▶ **TASK OBJECTIVE**
Return the stretch from the line with "5月17日,黑龙江省人民政府" through the line with "潮宏基 撒哈拉系列-爱意 18K金戒指玫瑰金彩金男女情侣对戒" in the data below, character for character, skipping all pictures.

▶ **PROVIDED ENTRIES**
########################################
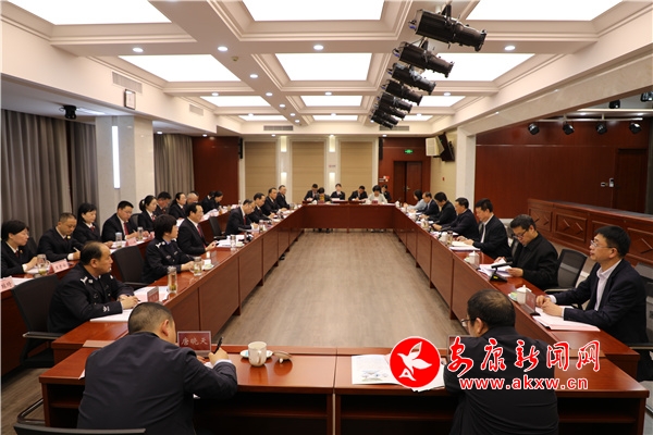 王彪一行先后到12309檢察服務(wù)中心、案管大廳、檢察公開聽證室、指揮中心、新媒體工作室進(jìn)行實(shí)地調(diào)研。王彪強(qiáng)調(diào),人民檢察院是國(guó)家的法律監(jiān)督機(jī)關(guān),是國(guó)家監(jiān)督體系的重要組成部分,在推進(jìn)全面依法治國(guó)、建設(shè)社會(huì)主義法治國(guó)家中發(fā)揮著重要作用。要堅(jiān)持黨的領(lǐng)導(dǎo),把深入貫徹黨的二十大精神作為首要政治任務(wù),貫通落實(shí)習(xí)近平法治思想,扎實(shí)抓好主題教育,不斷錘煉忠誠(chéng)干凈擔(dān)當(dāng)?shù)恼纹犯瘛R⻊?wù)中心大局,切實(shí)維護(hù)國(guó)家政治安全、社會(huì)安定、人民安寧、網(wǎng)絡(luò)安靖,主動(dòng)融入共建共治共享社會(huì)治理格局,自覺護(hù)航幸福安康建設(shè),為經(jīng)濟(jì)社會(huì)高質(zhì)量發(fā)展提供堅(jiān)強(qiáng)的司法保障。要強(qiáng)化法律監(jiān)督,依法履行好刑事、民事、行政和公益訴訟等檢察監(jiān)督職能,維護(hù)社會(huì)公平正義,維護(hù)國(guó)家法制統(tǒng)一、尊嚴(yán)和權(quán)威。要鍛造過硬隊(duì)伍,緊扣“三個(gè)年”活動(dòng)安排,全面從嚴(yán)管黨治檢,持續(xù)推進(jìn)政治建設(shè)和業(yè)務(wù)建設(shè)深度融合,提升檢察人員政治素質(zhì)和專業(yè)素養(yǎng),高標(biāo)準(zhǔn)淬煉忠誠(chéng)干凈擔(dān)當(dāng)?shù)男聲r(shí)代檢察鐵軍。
########################################
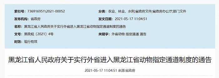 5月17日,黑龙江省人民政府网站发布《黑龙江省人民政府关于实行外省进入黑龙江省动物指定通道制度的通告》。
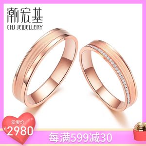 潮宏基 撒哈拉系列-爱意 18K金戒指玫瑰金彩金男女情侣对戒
########################################
▶ **TASK ANSWER**
 5月17日,黑龙江省人民政府网站发布《黑龙江省人民政府关于实行外省进入黑龙江省动物指定通道制度的通告》。
 潮宏基 撒哈拉系列-爱意 18K金戒指玫瑰金彩金男女情侣对戒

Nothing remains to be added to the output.